**Data for this task:**
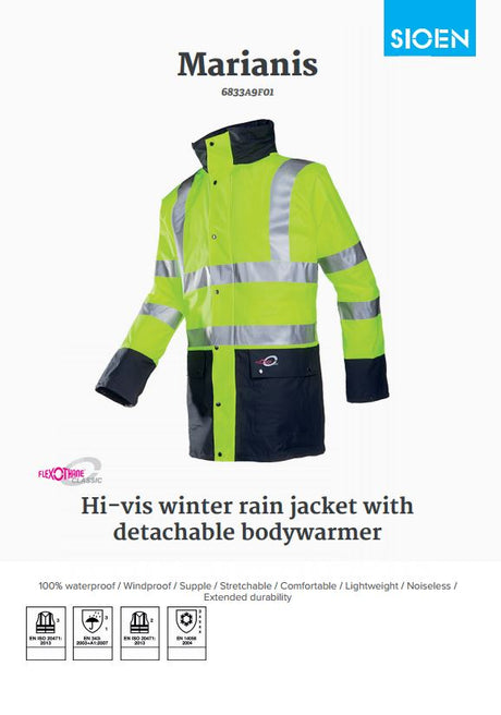 Sioen Marianis Hi-Vis Winter Rain Jacket with Detachable Bodywarmer Yellow/Navy 6833
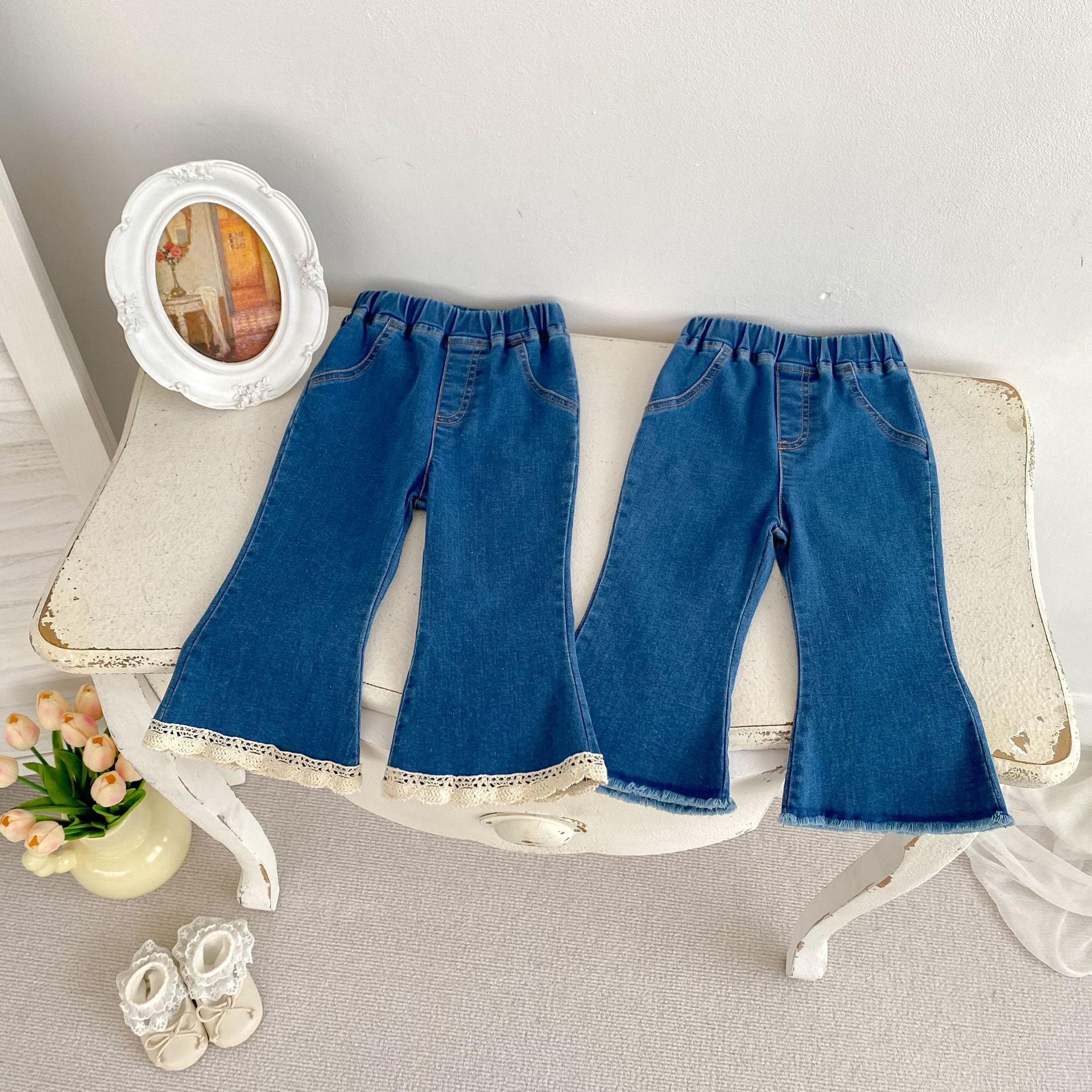 가을 2024 Ins 어린이 바지 소녀 아기 바지 간단한 슬림 핏 마이크로 플레어 바지 캐주얼 올 매치 청바지스토어 가기
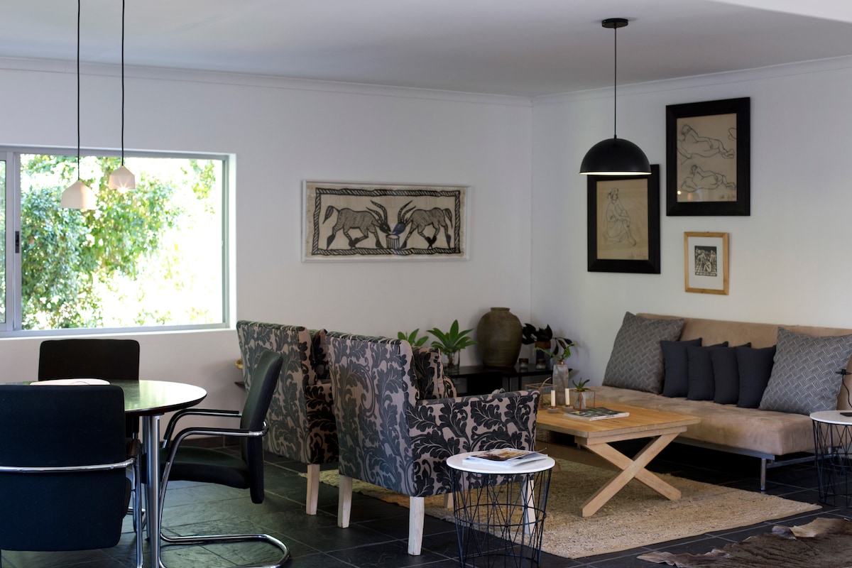 非常漂亮且價格實惠的住宿。 在這間時尚房源與全家或朋友一起共享天倫時光,開車3分鐘即可抵達美麗而歷史悠久的斯泰倫博斯鎮! 冬天在豪華床墊上舒適入睡,夏天在泳池中放鬆身心。 在城裡眾多精緻的餐廳用餐,或探索附近的許多葡萄酒農場,或在設備齊全的廚房或烤肉架上烹飪美食。 享受不受限制的高速WiFi和智慧電視。
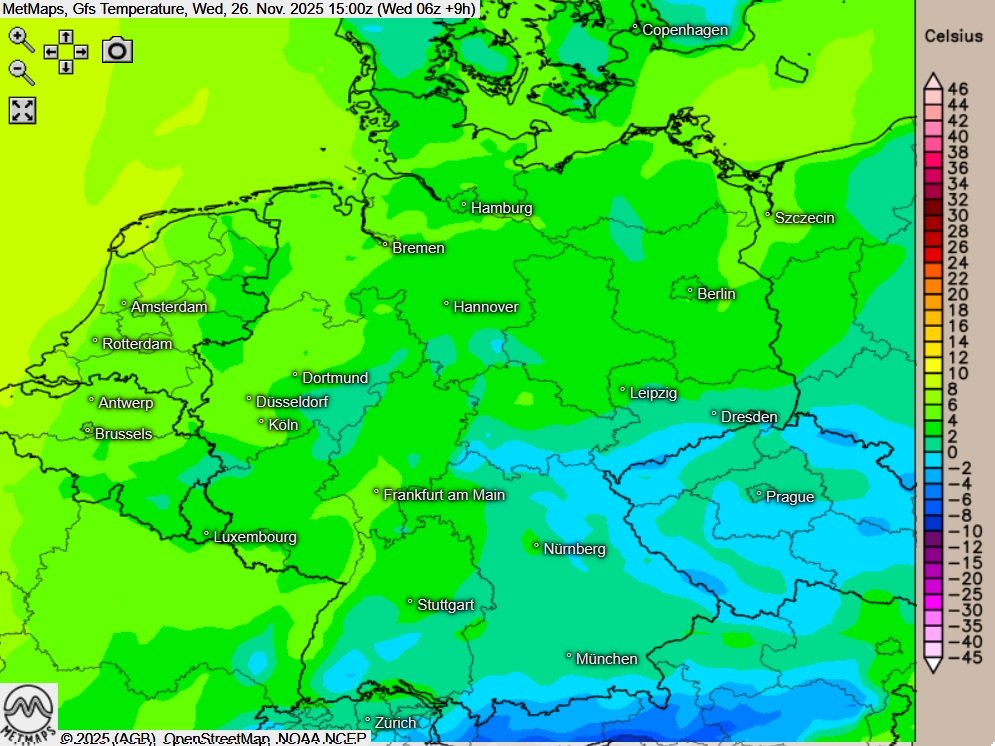 Die Temperaturen erreichen Höchstwerte um 2 bis 7 Grad.
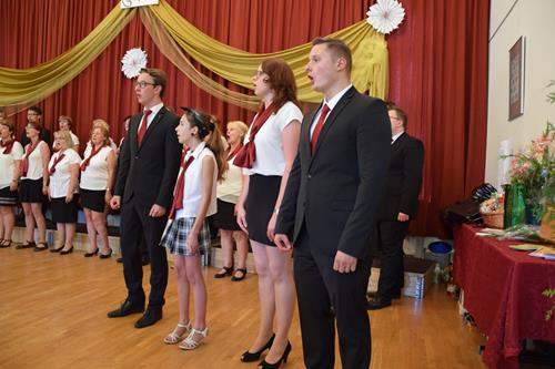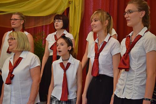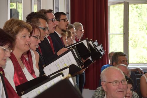 Die Reihen waren trotz der hohen Temperaturen gut gefüllt, und wir freuten uns, dass auch zahlreiche Ehrengäste, darunter unser Bürgermeister Thomas Eulenberger mit seiner Frau, der Leiter des Akkordeonorchesters Penig e.V., Steffen Riedel, Thomas Gerhard mit Partnerin als Vertreter der Sparkasse Mittelsachsen und Karin Weninger als ehemalige Dirigentin des Chores, unserer Einladung gefolgt waren.

**Problem details:** Retype all the entries exactly; drop the pictures.

**Task solution:**
 Sioen Marianis Hi-Vis Winter Rain Jacket with Detachable Bodywarmer Yellow/Navy 6833
 가을 2024 Ins 어린이 바지 소녀 아기 바지 간단한 슬림 핏 마이크로 플레어 바지 캐주얼 올 매치 청바지스토어 가기
 非常漂亮且價格實惠的住宿。 在這間時尚房源與全家或朋友一起共享天倫時光,開車3分鐘即可抵達美麗而歷史悠久的斯泰倫博斯鎮! 冬天在豪華床墊上舒適入睡,夏天在泳池中放鬆身心。 在城裡眾多精緻的餐廳用餐,或探索附近的許多葡萄酒農場,或在設備齊全的廚房或烤肉架上烹飪美食。 享受不受限制的高速WiFi和智慧電視。
 Die Temperaturen erreichen Höchstwerte um 2 bis 7 Grad.
 Die Reihen waren trotz der hohen Temperaturen gut gefüllt, und wir freuten uns, dass auch zahlreiche Ehrengäste, darunter unser Bürgermeister Thomas Eulenberger mit seiner Frau, der Leiter des Akkordeonorchesters Penig e.V., Steffen Riedel, Thomas Gerhard mit Partnerin als Vertreter der Sparkasse Mittelsachsen und Karin Weninger als ehemalige Dirigentin des Chores, unserer Einladung gefolgt waren.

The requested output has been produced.